By analyzing existing cross correlation between Reinsurance Group of and HANOVER INSURANCE, you can compare the effects of market volatilities on Reinsurance Group and HANOVER INSURANCE and check how they will diversify away market risk if combined in the same portfolio for a given time horizon. You can also utilize pair trading strategies of matching a long position in Reinsurance Group with a short position of HANOVER INSURANCE. Check out your portfolio center. Please also check ongoing floating volatility patterns of Reinsurance Group and HANOVER INSURANCE.

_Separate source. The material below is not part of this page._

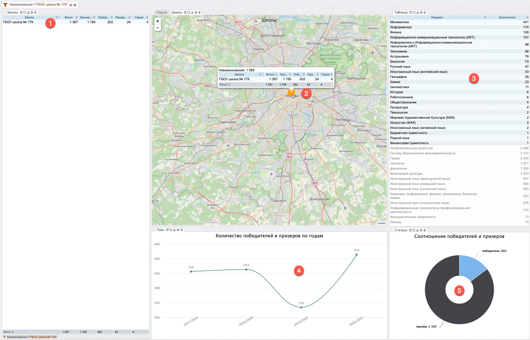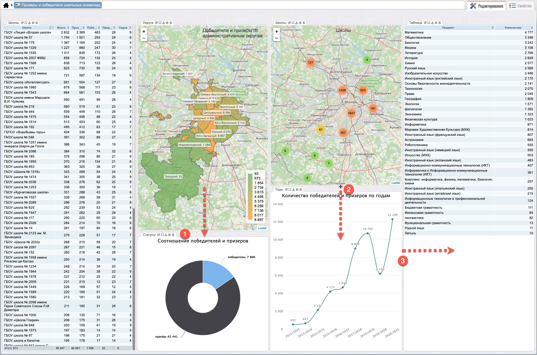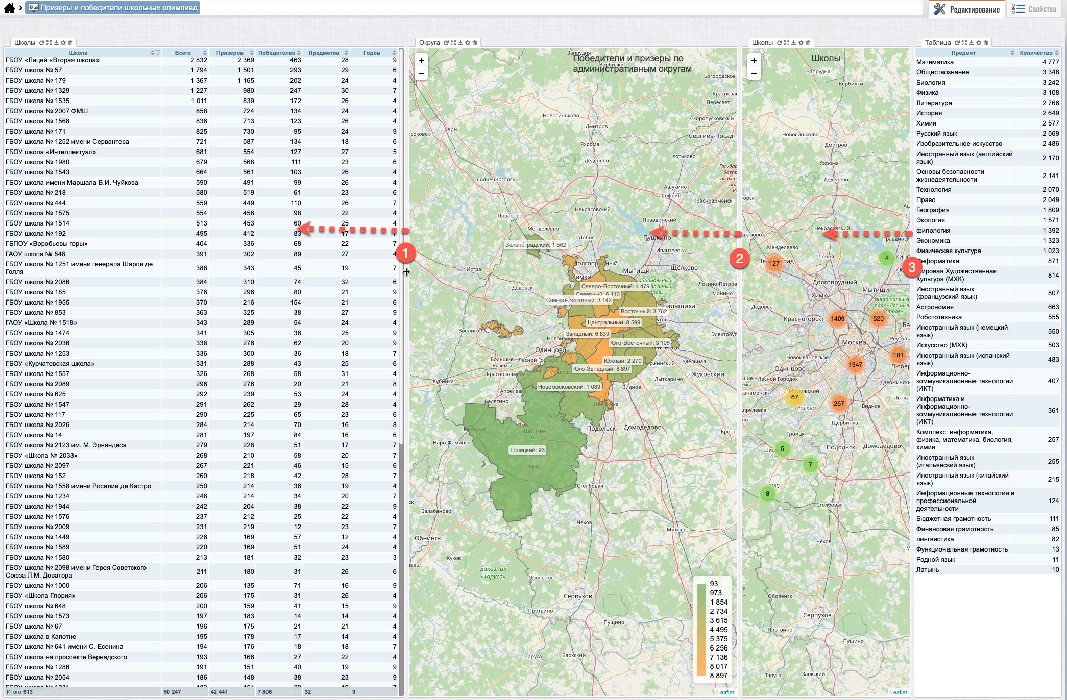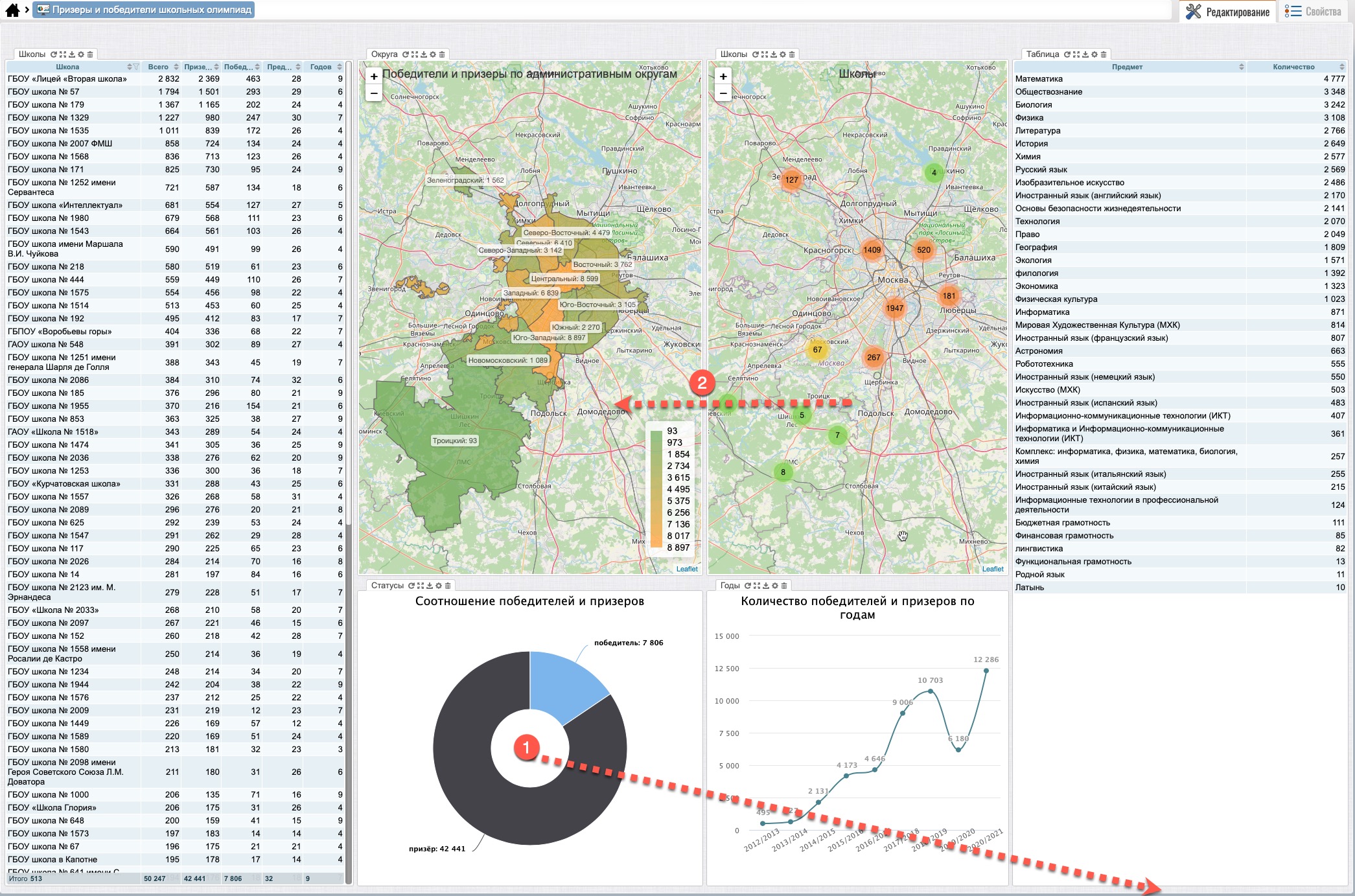 После перемещения виджетов (рис. 103) виджет “Школы” (карты) будет находиться на закладе, рядом с виджетом “Округа” (карта) (1), выбрав которую виджет “Школы” откроется на переднем плане поверх виджета “Округа”.

Diversification Opportunities for Reinsurance Group and HANOVER INSURANCE

0.69
  Correlation Coefficient

Poor diversification

The 3 months correlation between Reinsurance and HANOVER is 0.69. Overlapping area represents the amount of risk that can be diversified away by holding Reinsurance Group of and HANOVER INSURANCE in the same portfolio, assuming nothing else is changed. The correlation between historical prices or returns on HANOVER INSURANCE and Reinsurance Group is a relative statistical measure of the degree to which these equity instruments tend to move together. The correlation coefficient measures the extent to which returns on Reinsurance Group of are associated (or correlated) with HANOVER INSURANCE. Values of the correlation coefficient range from -1 to +1, where. The correlation of zero (0) is possible when the price movement of HANOVER INSURANCE has no effect on the direction of Reinsurance Group i.e., Reinsurance Group and HANOVER INSURANCE go up and down completely randomly.

Pair Corralation between Reinsurance Group and HANOVER INSURANCE

Assuming the 90 days trading horizon Reinsurance Group of is expected to under-perform the HANOVER INSURANCE. In addition to that, Reinsurance Group is 1.06 times more volatile than HANOVER INSURANCE. It trades about -0.03 of its total potential returns per unit of risk. HANOVER INSURANCE is currently generating about 0.0 per unit of volatility. If you would invest  14,224  in HANOVER INSURANCE on April 25, 2025 and sell it today you would lose (124.00) from holding HANOVER INSURANCE or give up 0.87% of portfolio value over 90 days.
Time Period3 Months [change]
DirectionMoves Together 
StrengthSignificant
Accuracy100.0%
ValuesDaily Returns

Reinsurance Group of  vs.  HANOVER INSURANCE

 Performance 
       Timeline  
Reinsurance Group 

Risk-Adjusted Performance

Very Weak

 
Weak
 
Strong
Over the last 90 days Reinsurance Group of has generated negative risk-adjusted returns adding no value to investors with long positions. Despite nearly stable basic indicators, Reinsurance Group is not utilizing all of its potentials. The newest stock price disturbance, may contribute to mid-run losses for the stockholders.
HANOVER INSURANCE 

Risk-Adjusted Performance

Very Weak

 
Weak
 
Strong
Over the last 90 days HANOVER INSURANCE has generated negative risk-adjusted returns adding no value to investors with long positions. In spite of rather sound basic indicators, HANOVER INSURANCE is not utilizing all of its potentials. The latest stock price tumult, may contribute to shorter-term losses for the shareholders.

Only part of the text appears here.